◆ **Exercise requirements**: When you reach the line with "Крест Двусторонний, с" in the records below, begin transcribing exactly and continue up to and including the line with "The iridescent Glas", leaving out every picture.

◆ **Source data**:
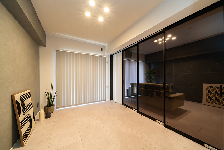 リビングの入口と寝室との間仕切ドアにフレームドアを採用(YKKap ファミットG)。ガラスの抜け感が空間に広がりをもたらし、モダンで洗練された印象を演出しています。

--

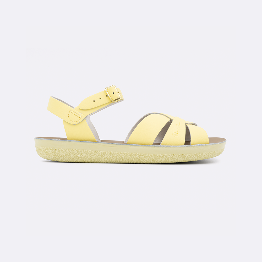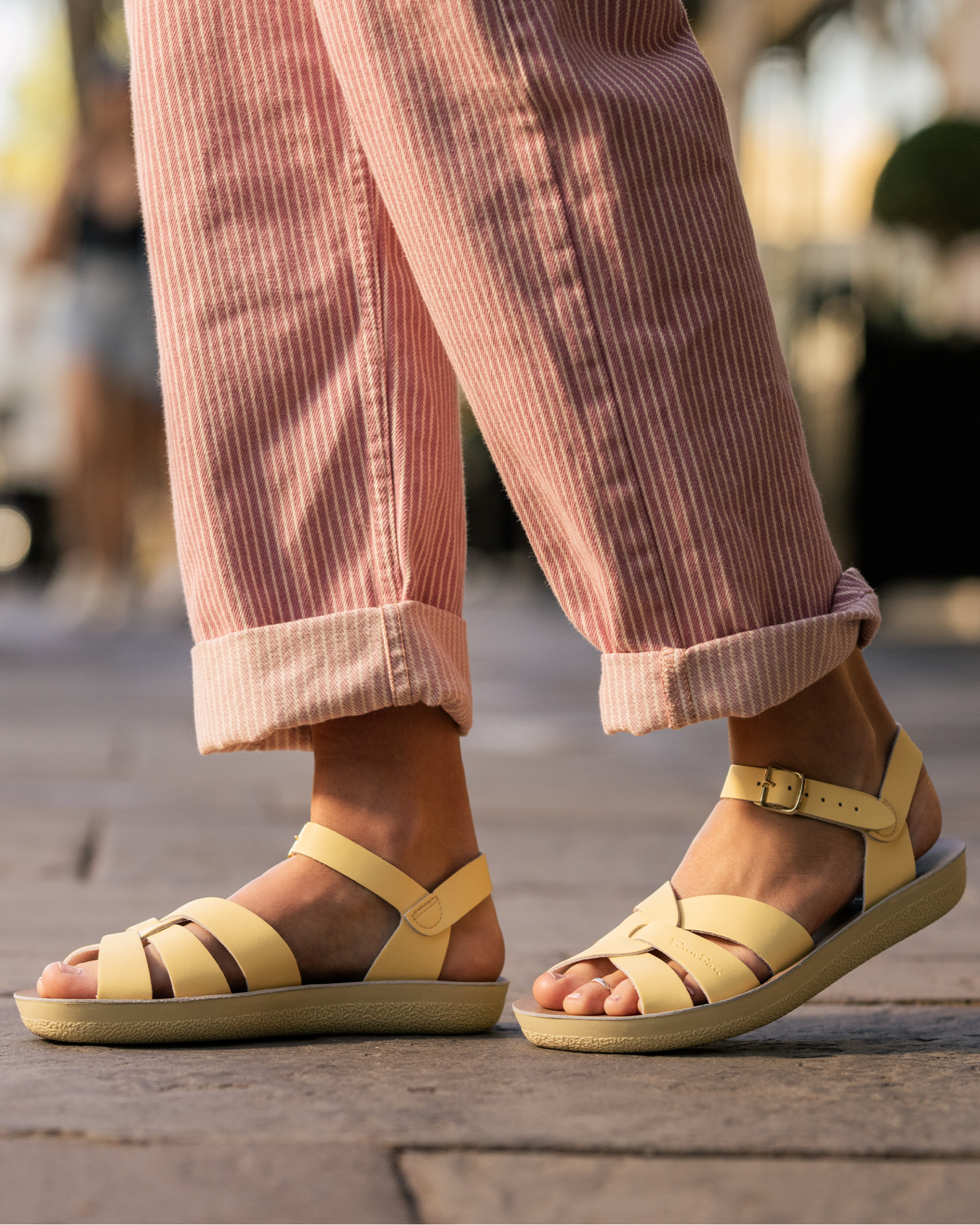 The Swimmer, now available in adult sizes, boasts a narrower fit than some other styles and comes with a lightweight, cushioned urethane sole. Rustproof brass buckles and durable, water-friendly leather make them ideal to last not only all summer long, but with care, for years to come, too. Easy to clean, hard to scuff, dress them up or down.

---

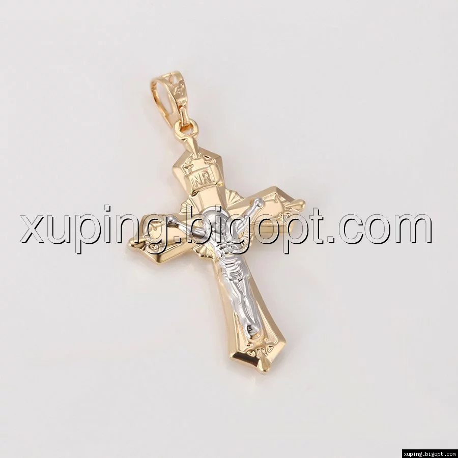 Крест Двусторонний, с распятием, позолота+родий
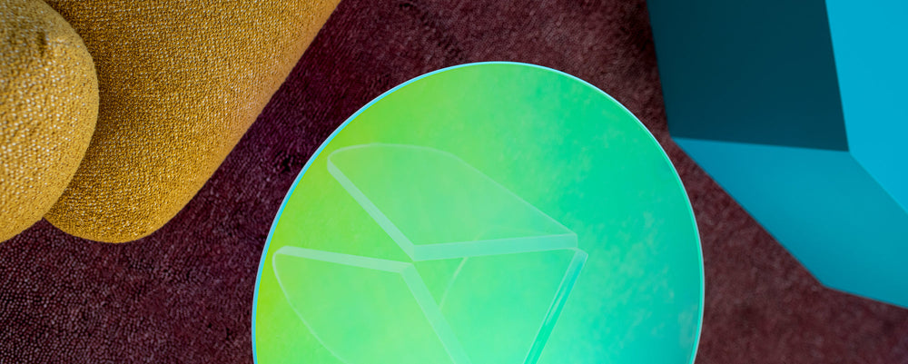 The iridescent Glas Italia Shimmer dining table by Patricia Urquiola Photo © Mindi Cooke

◆ **Final answer**:
 Крест Двусторонний, с распятием, позолота+родий
 The iridescent Glas Italia Shimmer dining table by Patricia Urquiola Photo © Mindi Cooke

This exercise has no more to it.